When you reach the line with "출처: 플러스엠 엔터테인먼트", transcribe it and each line after it through the last one below, exactly. Pictures stay out.
[DATA SUPPLIED Boundary: Start]
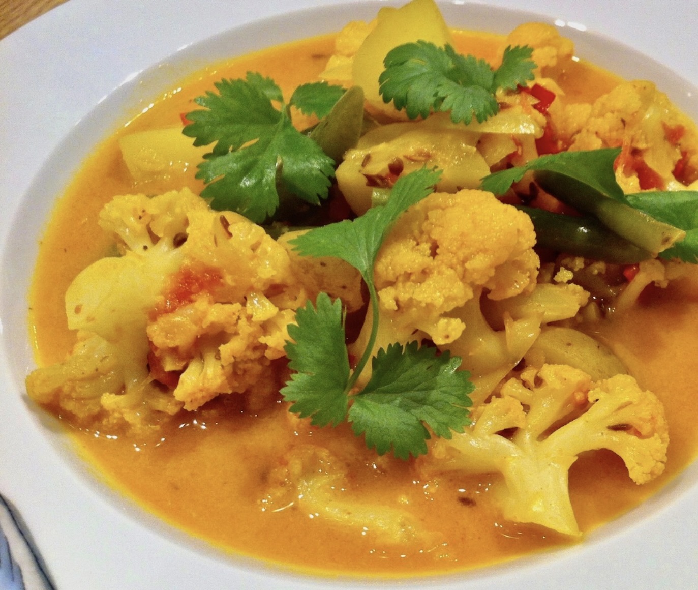 Curry z kalafiora jest prostym, łatwym i szybkim daniem. Jeśli dysponujesz odpowiednim arsenałem przypraw stosowanych w kuchni indyjskiej (tych ogólnodostępnych) przyrządzenie tego dania będzie prawdziwą przyjemnością. Feeria kolorów i aromatów w Twojej kuchni wyostrzy Ci apetyt w mgnieniu oka. I tak, jak w przypadku prawie wszystkich dań azjatyckich najwięcej czasu zajmie Ci przygotowanie składników. Samo gotowanie to po prostu bajka. Smak niepowtarzalny. To curry, które przygotujesz na bazie bulionu jarzynowego i mleka kokosowego (dowiedz się co to jest mleko kokosowe) z dodatkiem kalafiora, pomidora, fasolki szparagowej i ziemniaków z dodatkiem aromatycznych przypraw. Łatwizna. Uwierz.
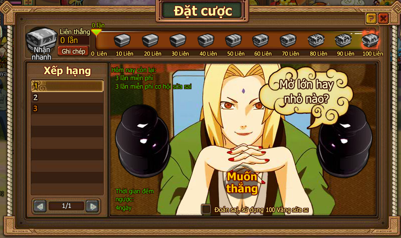 2. Thi đấu bắt đầu khi người chơi điểm số mình lớn hơn hay nhở hơn điểm của Tsunade, nhấn vào nút Lớn hoặc Nhỏ.
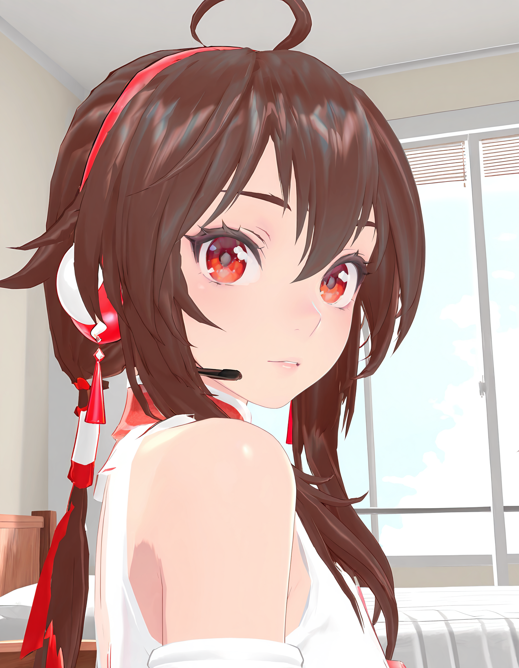 lora:YueZhengLing_GongShi_Illustrious:1, YueZhengLing, 빨간 눈, 갈색 머리, ahoge, 긴 머리, 앞머리, 머리 장식, 헤드폰,
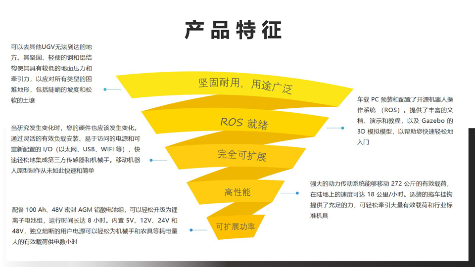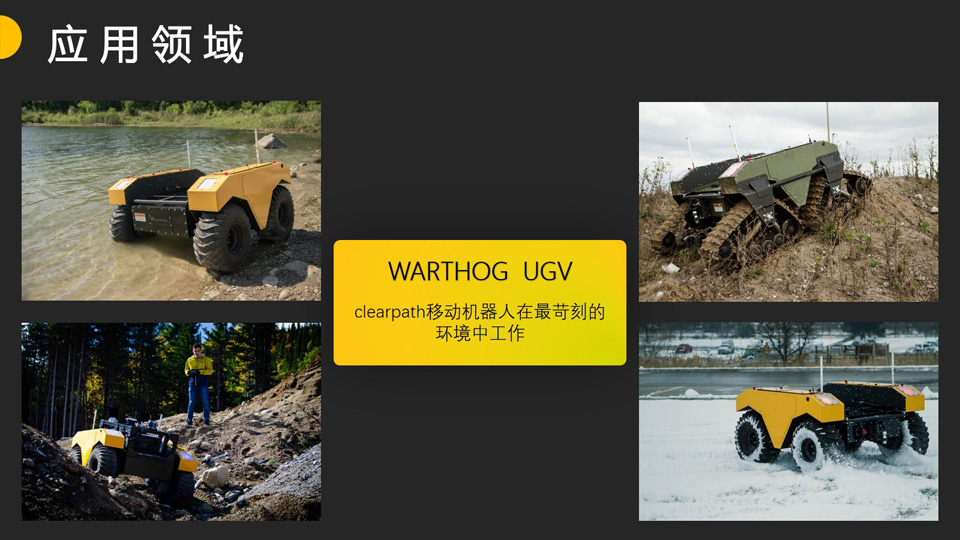 BFT机器人提供的WARTHOG UGV是一种大型全地形无人地面车辆,能够在水中进行短暂的运动。凭借其坚固的构造、低地压和牵引轮胎可以应对恶劣的环境,从而可以毫不费力地穿越松软的土壤、植被、厚厚的泥浆和陡峭的坡度。WARTHOG UGV有效载荷安装板和可访问的电源和通信端口使 Warthog 能够轻松定制传感器、机械手和其他有效载荷,以适应采矿、农业和环境监测中的各种机器人应用
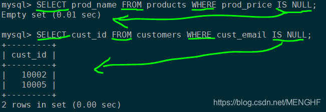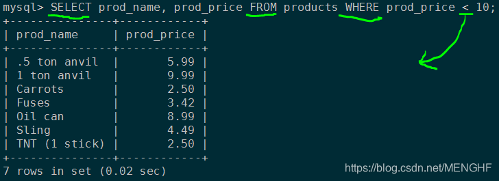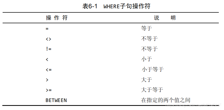 场景:由于数据库的规模大小不一,所以通常不需要也不必要检索所有的行,因此通过WHERE子句进行过滤
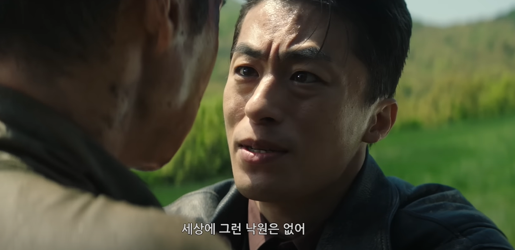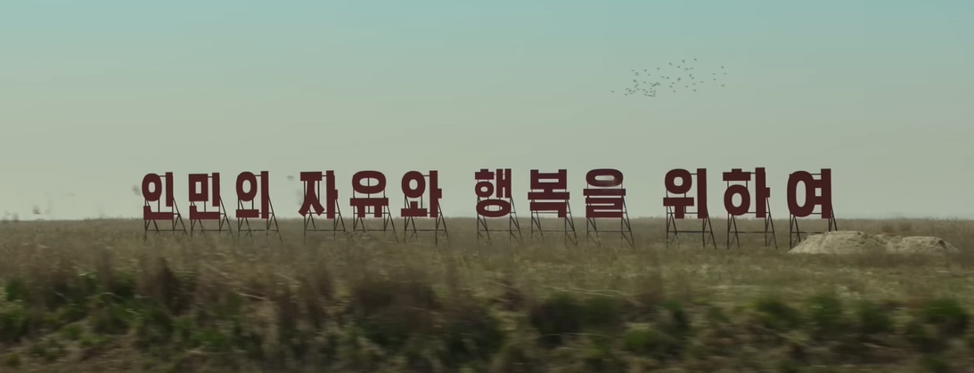 출처: 플러스엠 엔터테인먼트 <탈주(2024)> 예고편드넓은 초원에 빨간 글씨의 간판이 있다.
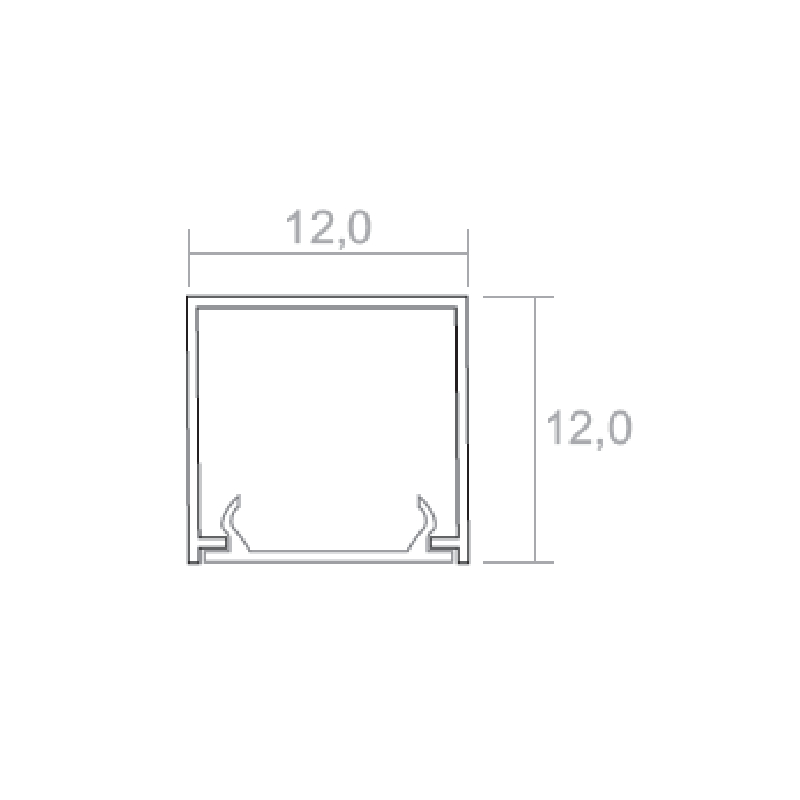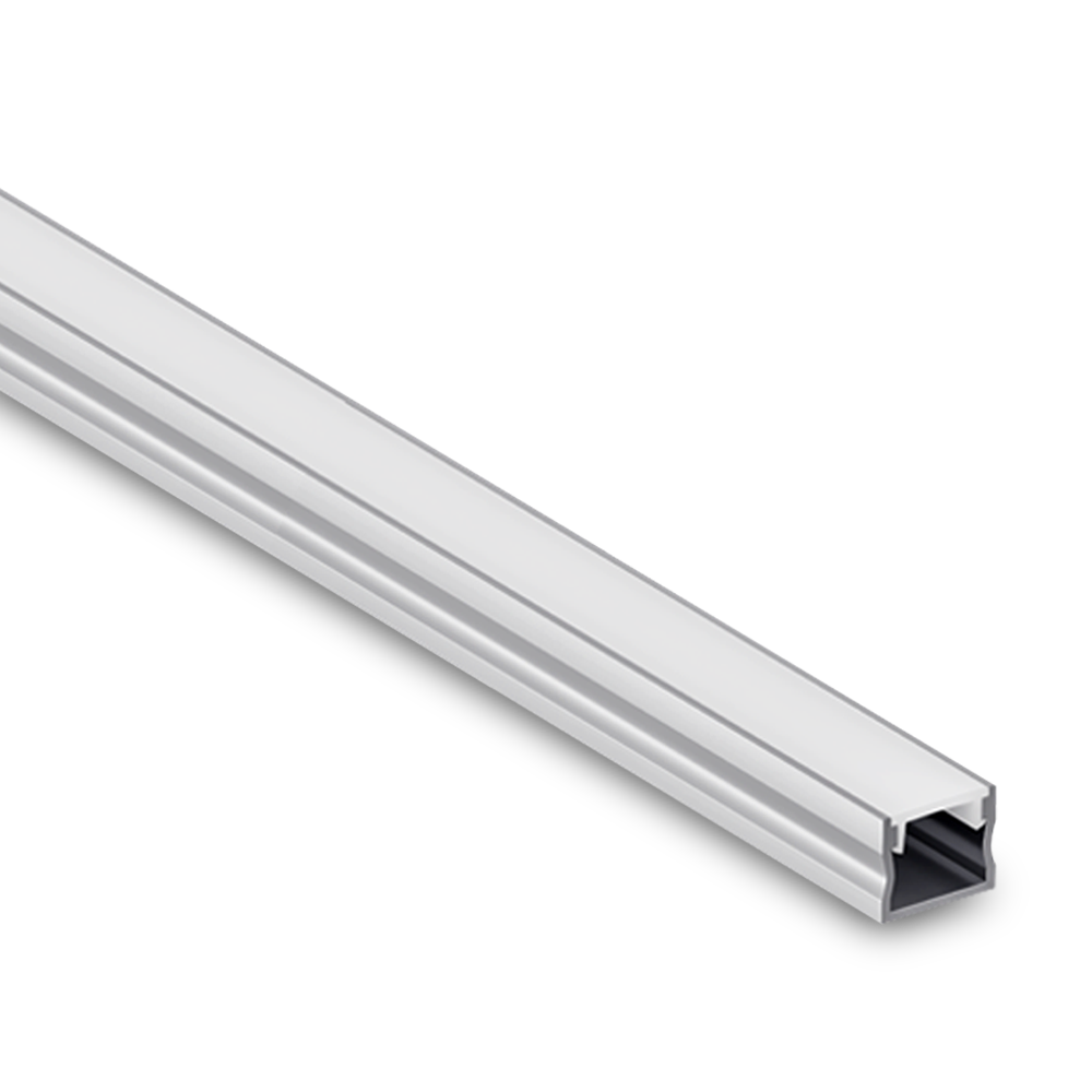 Perfil LED de sobrepor com corpo em alumínio e pintura eletrostática, difusor translúcido.
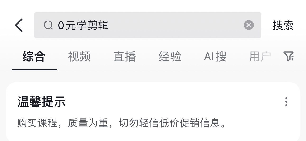 因此用户搜索相关关键词时,平台会置顶显示“购买课程,质量为重,切勿轻信低价促销信息”的提示语。为什么仍有大量受害者陷入圈套呢?
[DATA SUPPLIED Boundary: End]
*SOLUTION TO THIS TASK*:
 출처: 플러스엠 엔터테인먼트 <탈주(2024)> 예고편드넓은 초원에 빨간 글씨의 간판이 있다.
 Perfil LED de sobrepor com corpo em alumínio e pintura eletrostática, difusor translúcido.
 因此用户搜索相关关键词时,平台会置顶显示“购买课程,质量为重,切勿轻信低价促销信息”的提示语。为什么仍有大量受害者陷入圈套呢?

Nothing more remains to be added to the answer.